Kan

Regions with significant populations
- Bangladesh (Faridpur District Khulna District) West Bengal (Malda division, Presidency division)

Languages
- Bengali (Eastern Bengali, Central Bengali)

Religion
- Sunni Islam

Related ethnic groups
- Domba, Other Bengalis

= Kan (tribe) =

Indo-Aryan Muslim community

The Kan (কান), also known as Khalifa (খলিফা), are a Bengali Muslim community native to Bangladesh and the Indian state of West Bengal.

==Origin==
The Kan, a small Muslim community, were traditionally involved in the repairing of umbrellas. According to traditions, the Kan were originally members of the Dom community who converted to Islam. In addition to repairing umbrellas, the community is also involved in the manufacture of fishhooks.
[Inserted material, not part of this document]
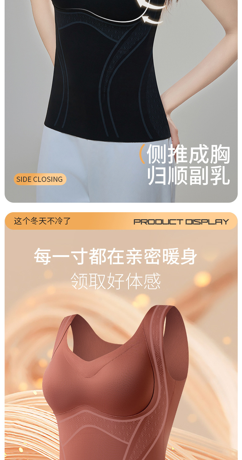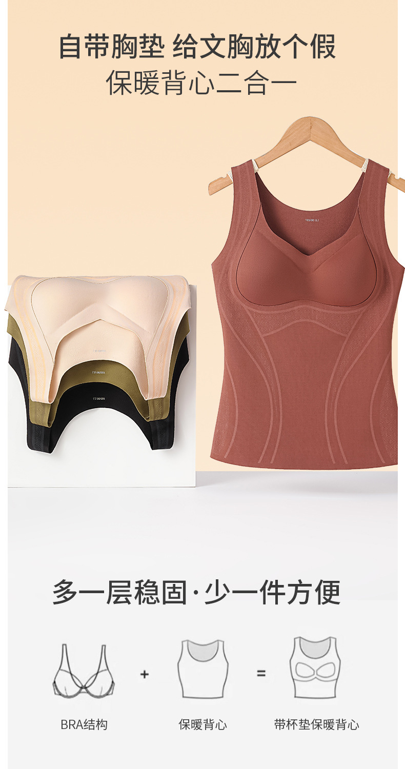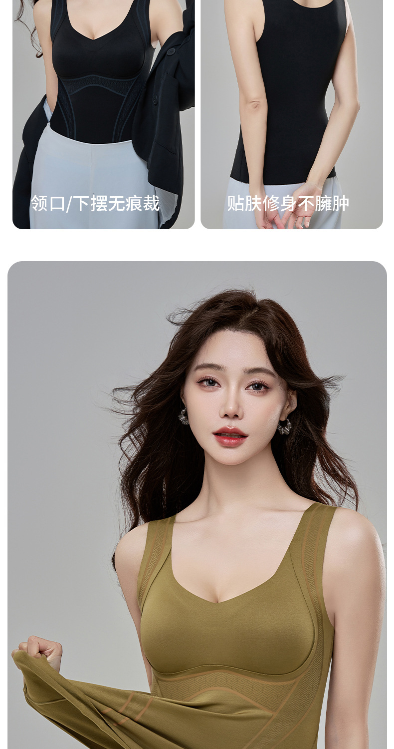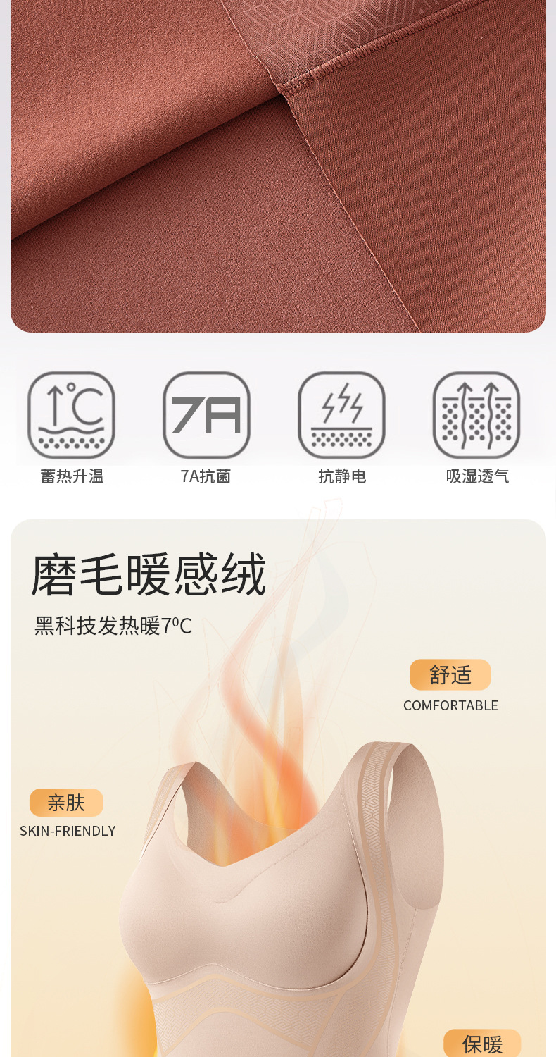 【内外兼修,温暖舒适】7A仰菌蚕丝羊绒背心,轻盈却具保暖性,让您在冬季户外自由穿行。加厚发热加绒,双层固定杯设计,舒适无痕!

The community is found mainly in the districts of Murshidabad, 24 Parganas and Nadia in West Bengal and Faridpur District in Bangladesh.

==Present circumstances==
The Kan are still involved in the traditional occupation of umbrella repairing, and during the chaitra or rainy season, the community entirely devotes itself to the construction and repairing of umbrellas. This season lasts for almost six months, while for the remaining six months the community is involved in daily wage labour. A significant number of the community are now cultivators. They grow mainly paddy and wheat.

The Kan occupy distinct quarters in villages known as a paras. Each of these settlements contains an informal caste council known as a panchayat, which acts as an instrument of social control. The community are strictly endogamous, and marry close kin.